--- Extracted information ---
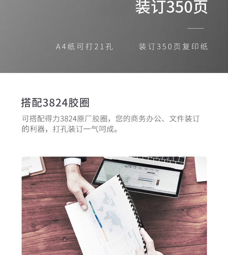 델리 3870 빗 제본기 a3A4 문서 바우처 파일 계약 부드러운 고무 링 클립 스트립 수동 구멍 펀칭기
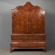 Noten- en wortelnotengefineerd tweedeurs kabinet met gecontourneerde kap, vier laden met brons beslag, midden 18e eeuw -fineerverlies en defecten, achterzijde verstevigd met twee regels-, 250 × 175 × 58,5 cm
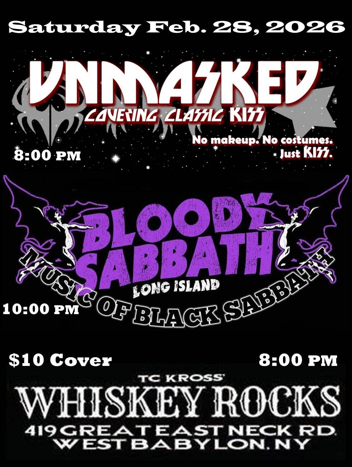 Join Unmasked- The Kiss Cover Band- no make up, no costumes, JUST KISS!! and Bloody Sabbath at Whiskey Rocks
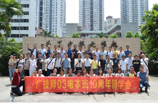 5月6日,阳光明媚,晴空万里。西校区迎来了近50位校友,他们就是03级电气工程及其自动化班(下文简称03级电本班)的老学长学姐们,从不同的城市和地区,纷纷回到阔别已久的母校,只为赴一场十年之约。到场的嘉宾还有自动化学院岑健院长、自动化学院前任书记黄锡炳书记、前任辅导员罗继全老师、现任辅导员汤珊珊老师。
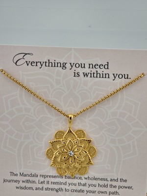 Thoughtful gift ideas if you are looking for: affirmation mandala necklace gold, spiritual gifts for women, hope necklace gold, positive affirmation jewelry, gold mandala necklaces for women, charm necklace spiritual women, necklace for strength and healing.

--- What you have to do ---
Where the line containing "5月6日,阳光明媚,晴空万里" appears above, start there and set down each line exactly through the last line of the data; leave out every picture.

--- Expected answer ---
 5月6日,阳光明媚,晴空万里。西校区迎来了近50位校友,他们就是03级电气工程及其自动化班(下文简称03级电本班)的老学长学姐们,从不同的城市和地区,纷纷回到阔别已久的母校,只为赴一场十年之约。到场的嘉宾还有自动化学院岑健院长、自动化学院前任书记黄锡炳书记、前任辅导员罗继全老师、现任辅导员汤珊珊老师。
 Thoughtful gift ideas if you are looking for: affirmation mandala necklace gold, spiritual gifts for women, hope necklace gold, positive affirmation jewelry, gold mandala necklaces for women, charm necklace spiritual women, necklace for strength and healing.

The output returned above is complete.